__DATA EXCERPT__:
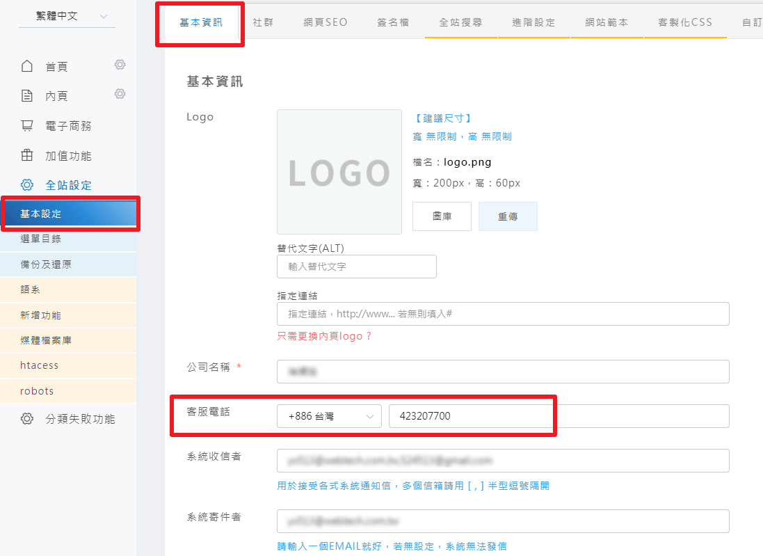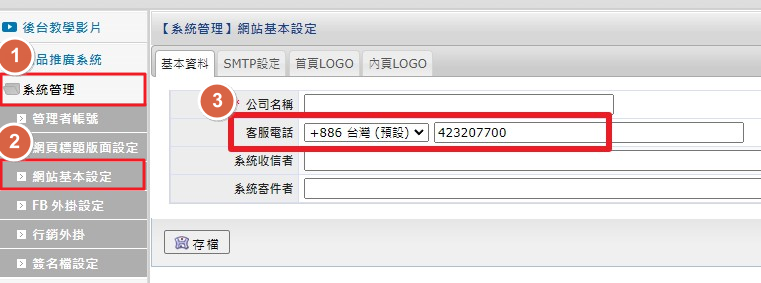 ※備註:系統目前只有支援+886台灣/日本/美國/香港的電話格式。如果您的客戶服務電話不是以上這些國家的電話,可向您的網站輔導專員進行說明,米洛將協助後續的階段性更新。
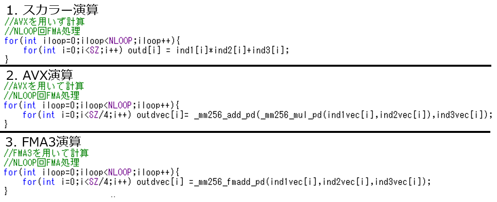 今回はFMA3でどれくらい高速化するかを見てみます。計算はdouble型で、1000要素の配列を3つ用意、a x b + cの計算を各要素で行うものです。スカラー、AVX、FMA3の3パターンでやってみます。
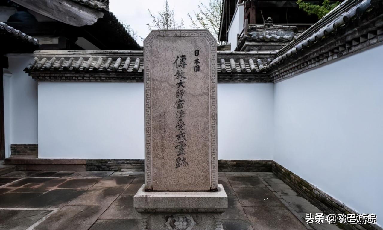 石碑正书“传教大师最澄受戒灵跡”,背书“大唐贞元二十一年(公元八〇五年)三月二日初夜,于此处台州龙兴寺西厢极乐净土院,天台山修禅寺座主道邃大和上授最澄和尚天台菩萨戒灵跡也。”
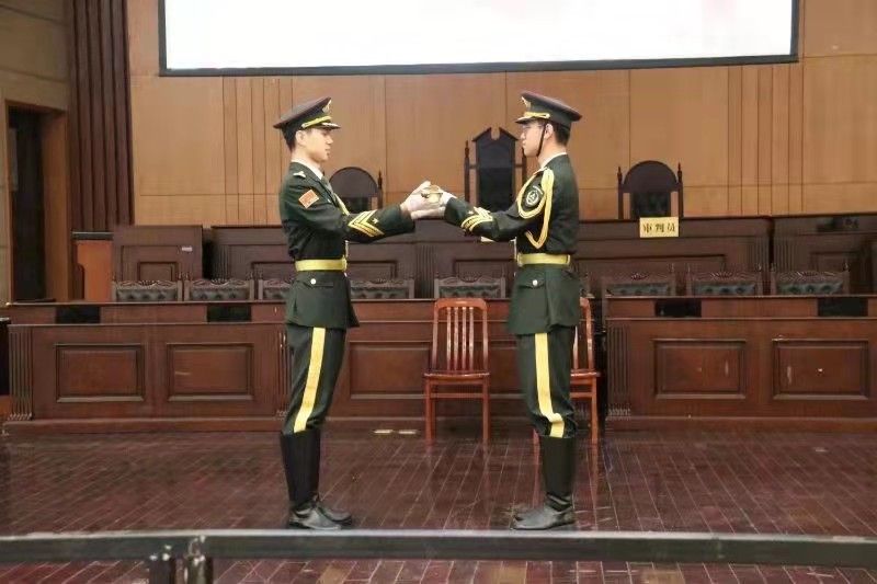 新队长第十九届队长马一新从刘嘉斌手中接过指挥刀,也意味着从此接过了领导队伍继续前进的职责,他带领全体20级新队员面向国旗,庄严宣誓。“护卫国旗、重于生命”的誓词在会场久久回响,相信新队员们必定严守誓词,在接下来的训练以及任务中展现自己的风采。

__WHAT YOU SHOULD DO__:
Starting where a line contains "今回はFMA3でどれくらい高速化するかを見てみます。計算はdouble型で、1000要素の配列を3つ用意、a x b" and finishing at the last line above, set down every line exactly as it reads, with no pictures.

__EXERCISE RESULT__:
 今回はFMA3でどれくらい高速化するかを見てみます。計算はdouble型で、1000要素の配列を3つ用意、a x b + cの計算を各要素で行うものです。スカラー、AVX、FMA3の3パターンでやってみます。
 石碑正书“传教大师最澄受戒灵跡”,背书“大唐贞元二十一年(公元八〇五年)三月二日初夜,于此处台州龙兴寺西厢极乐净土院,天台山修禅寺座主道邃大和上授最澄和尚天台菩萨戒灵跡也。”
 新队长第十九届队长马一新从刘嘉斌手中接过指挥刀,也意味着从此接过了领导队伍继续前进的职责,他带领全体20级新队员面向国旗,庄严宣誓。“护卫国旗、重于生命”的誓词在会场久久回响,相信新队员们必定严守誓词,在接下来的训练以及任务中展现自己的风采。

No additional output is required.